Jakarta (ANTARA) - Kepala Badan Kependudukan dan Keluarga Berencana Nasional (BKKBN) Hasto Wardoyo menyebut pentingnya pemadanan data stunting antara elektronik pencatatan dan pelaporan gizi berbasis masyarakat (EPPGBM) dan Survei Kesehatan Indonesia (SKI).

"EPPGBM itu datanya didapatkan dari posyandu melalui penimbangan, alatnya sudah baru, petugasnya sudah dilatih, kemudian dia mengerjakan serentak, hasilnya dikumpulkan. Data ini harus diverifikasi, karena data yang di EPPGBM itu sudah jauh di bawah 20 persen (stuntingnya)," kata Hasto di Jakarta, Rabu.

Menurut dia, data EPPGBM jika dianalisis secara menyeluruh, maka angka stunting bisa di bawah 14 persen.

"EPPGBM itu seperti real count, sedangkan SKI itu seperti quick count, karena survei. Oleh karena itu, yang perlu kita sikapi seperti arahan Menteri Kesehatan, sekarang EPPGBM dimaksimalkan menjadi 100 persen, jadi penimbangan-penimbangan yang belum lengkap, dimaksimalkan sampai 100 persen," ujarnya.

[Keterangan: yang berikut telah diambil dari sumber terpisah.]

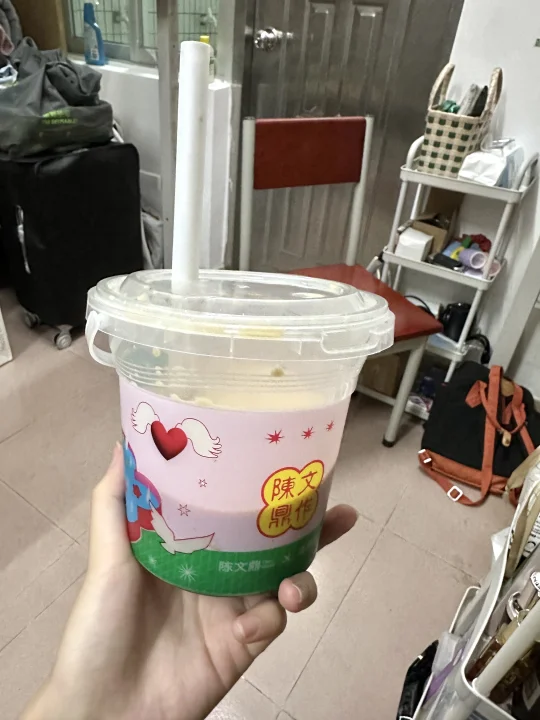 在开学期间16r get到了陈文鼎的开学季活动套餐:一升装大满贯吨吨桶和拳击笔周边,真的太适合大学生开学哄自己好好学习了!!吨吨桶里料特别足!一升的大容量奶茶中还有椰果、黑糖珍珠、芒果布丁、红豆四样小料,一口下去超满足!!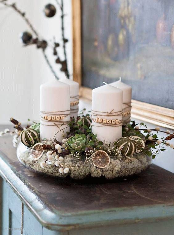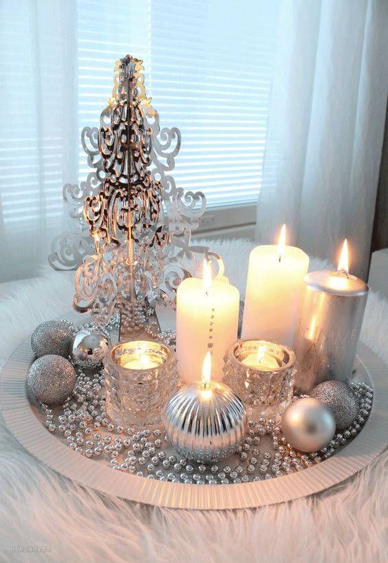 蜡烛也是圣诞节的重要角色,多种摆件组合在一起,BlingBling的圣诞树和金属球放在托盘中,自己制作的烛台更是别具匠心。▼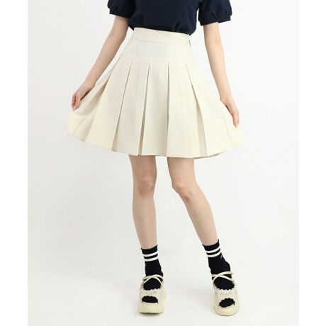 すっきりとした腰回りから裾に向かってひらっと開くプリーツシルエットが今っぽい印象に。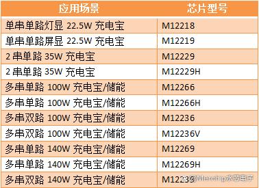 除了M12269這款明星產(chǎn)品外,MERCHIP水芯電子還推出了從22.5W-140W的完整快充充放電平臺(tái)。該系列芯片中的M12239等芯片可以支持兩路獨(dú)立快充,實(shí)現(xiàn)筆記本和手機(jī)同時(shí)快充。也可以多顆芯片并聯(lián)輕松實(shí)現(xiàn)多口快充充放電的復(fù)雜系統(tǒng)設(shè)計(jì)。該芯片家族包括以下成員: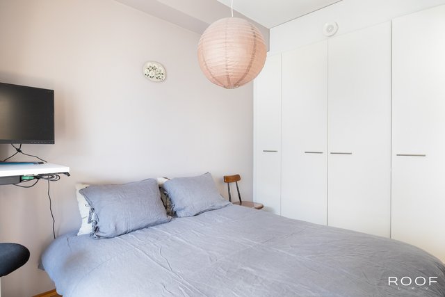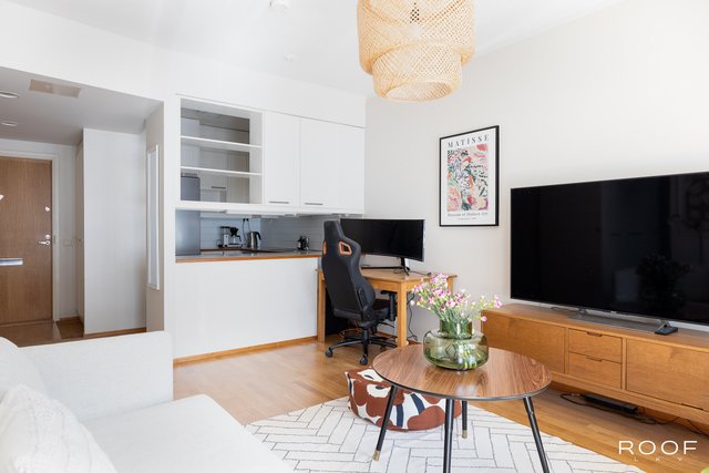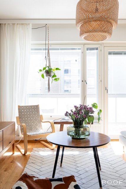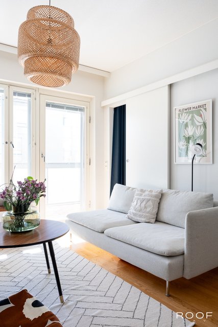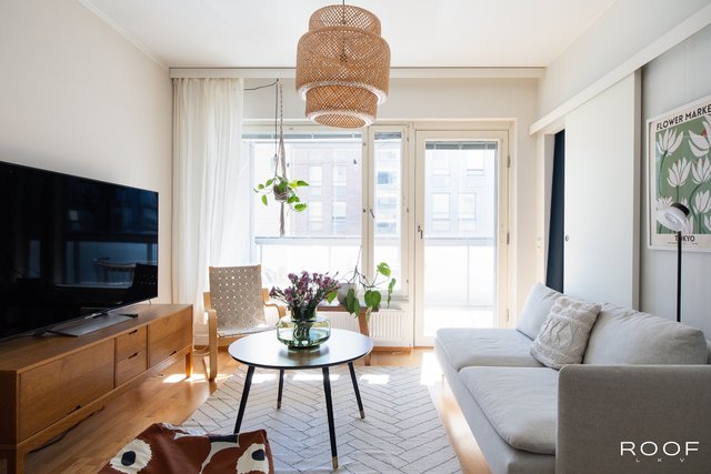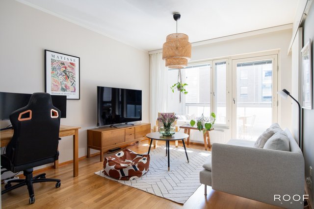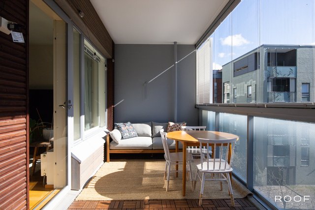 Olohuone on avara ja valoisa. Olohuoneesta astut suurelle koko asunnon levyiselle lasitetulle parvekkeelle, joka on täydellinen paikka aamukahveille tai rentoutumiseen illalla. Lämpimällä säällä parveke toimii kätevästi myös työhuoneena. Makuuhuone on erotettu olohuoneesta kahdella liukuovella ja seinustalta löytyy runsaasti säilytystilaa.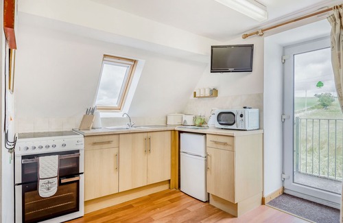 Amenities: Electric central heating. Electric oven and hob, microwave, fridge/freezer, washing machine, TV with Freeview, DVD, WiFi. Fuel and power inc. in rent. Bed linen inc. in rent. Off road parking for 1 car. Decked patio area with furniture and BBQ. Bike storage. One well-behaved pet welcome. Sorry, no smoking. Shop 1.5 miles, pub 1 min walk. Note: Property is accessed via a flight of external steps. Note: Located close to main road.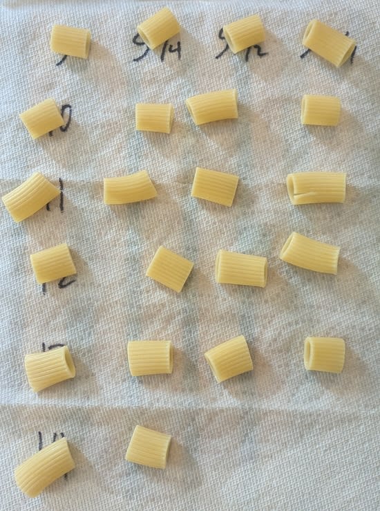 I generally find the numbers printed on pasta boxes for cooking time far too high: I'll set the timer for a minute below their low-end "al dente" time, and when I taste one it's already getting too mushy. I decided to run a small experiment to get a better sense of how cooked I like pasta.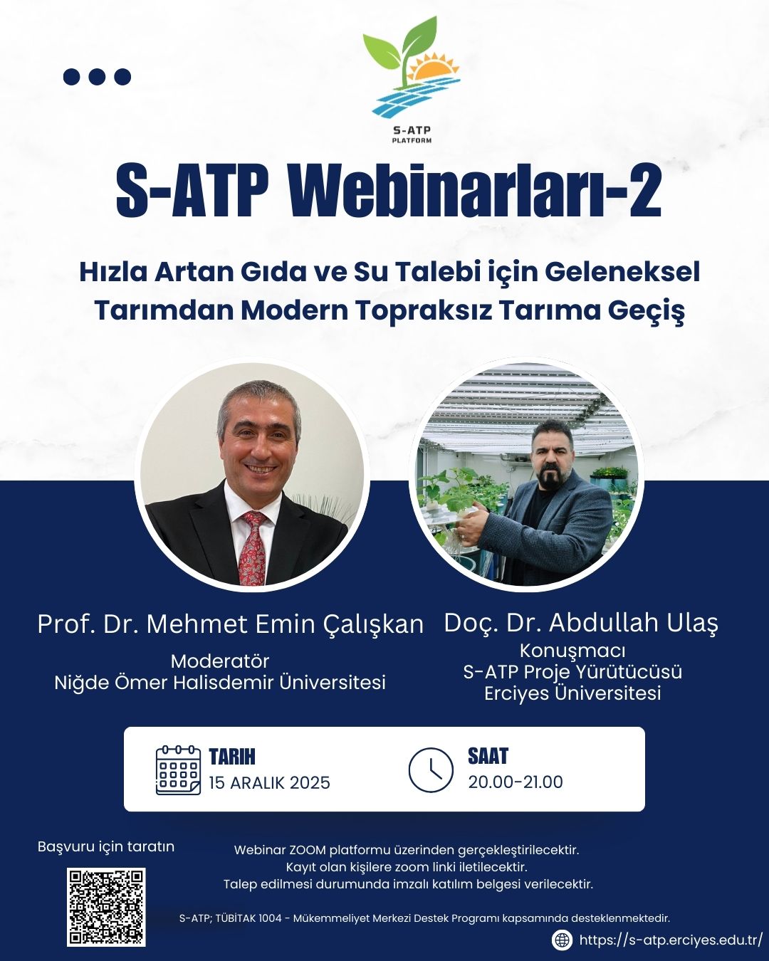 Küresel ölçekte artan gıda ve su talebi karşısında, tarımsal üretimde dönüşüm artık kaçınılmaz. Bu kapsamda S-ATP, ikinci webinarında geleneksel tarımdan modern topraksız tarıma geçiş sürecini ele alıyor. Prof. Dr. Mehmet Emin ÇALIŞKAN (Niğde Ömer Halisdemir Üniversitesi) moderatörlüğünde, Doç. Dr. Abdullah ULAŞ (Erciyes Üniversitesi), 'Hızla Artan Gıda ve Su Talebi için Geleneksel Tarımdan Modern Topraksız Tarıma Geçiş' başlıklı sunumunu gerçekleştirecek.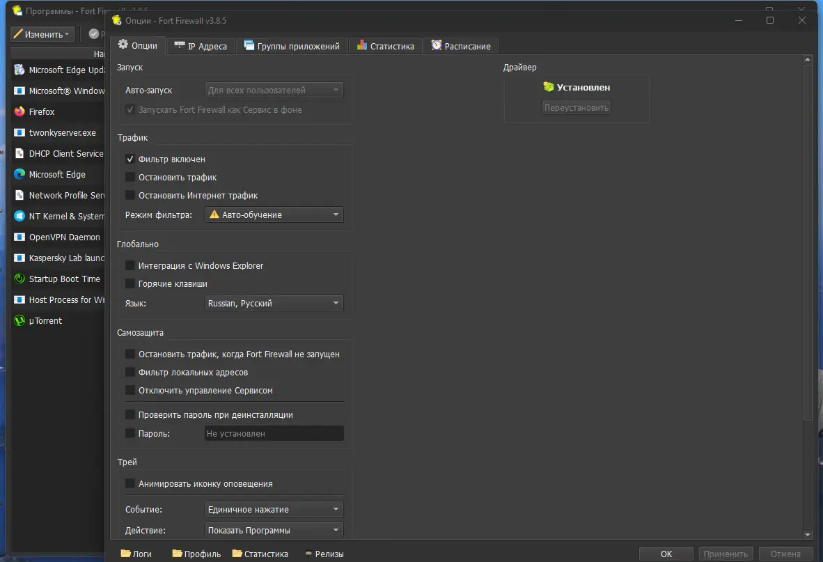 Программа использует собственный драйвер ядра, что гарантирует стабильность и высокую производительность фильтрации на уровне системы.

Baca juga: BKKBN sebut perlu upaya penguatan data dalam penanganan stunting

Ia juga menekankan pentingnya mengulas (review) data SKI dan EPPGBM, kemudian dipadankan sehingga ada keselarasan data.

"Kalau EPPGBM diverifikasi, saya yakin angkanya akan jauh di bawah 20 persen, sehingga saya yakin kalau menggunakan EPPGBM, datanya bahkan bisa di bawah 14 persen, tetapi kalau menggunakan angka survei, angkanya masih jauh, maka titik temunya saya kira ada diverifikasi EPPGBM bulan April, kemudian bulan Mei oleh Menteri Kesehatan," tuturnya.

Hasto juga menegaskan bahwa verifikasi dan validasi (verval) data EPPGBM bisa dilakukan dengan lebih akurat karena di daerah sudah memiliki standar pengukuran balita yang jelas.

"Kalau dulu alatnya masih beda-beda, ada dacin, digital, itu belum seragam, sekarang seharusnya angka real count lebih bagus, dan sudah standar, karena alatnya sudah seragam," ujarnya.

Baca juga: Kepala BKKBN sebut data stunting terbaru masih menunggu sinkronisasi

Sebelumnya, Kementerian Kesehatan (Kemenkes) mendistribusikan sekitar 300 ribu alat antropometri ke posyandu dan puskesmas di berbagai daerah dalam upaya menurunkan angka kematian ibu dan anak serta deteksi dini stunting.

"Kementerian Kesehatan dalam dua tahun ini membagikan 300 ribuan timbangan antropometri ke seluruh posyandu," kata Menteri Kesehatan Budi Gunadi Sadikin melalui Biro Komunikasi dan Pelayanan Publik Kemenkes di Jakarta, Kamis.

Berdasarkan laporan Kemenkes, pemenuhan alat ukur timbang bayi tersebut dilakukan secara bertahap sejak 2020 di 1.823 posyandu, pada 2021 di 16.936 posyandu, 2022 di 34.256 posyandu, dan 2023 di 127.033 posyandu.

Baca juga: Kepala BKKBN minta hidupkan data percepat penurunan stunting

Selain itu, kebutuhan alat antropometri juga telah dipenuhi di 25.177 puskesmas pada 2019. Sedangkan pada tahun ini sedang bergulir distribusi antropometri di 81.512 posyandu.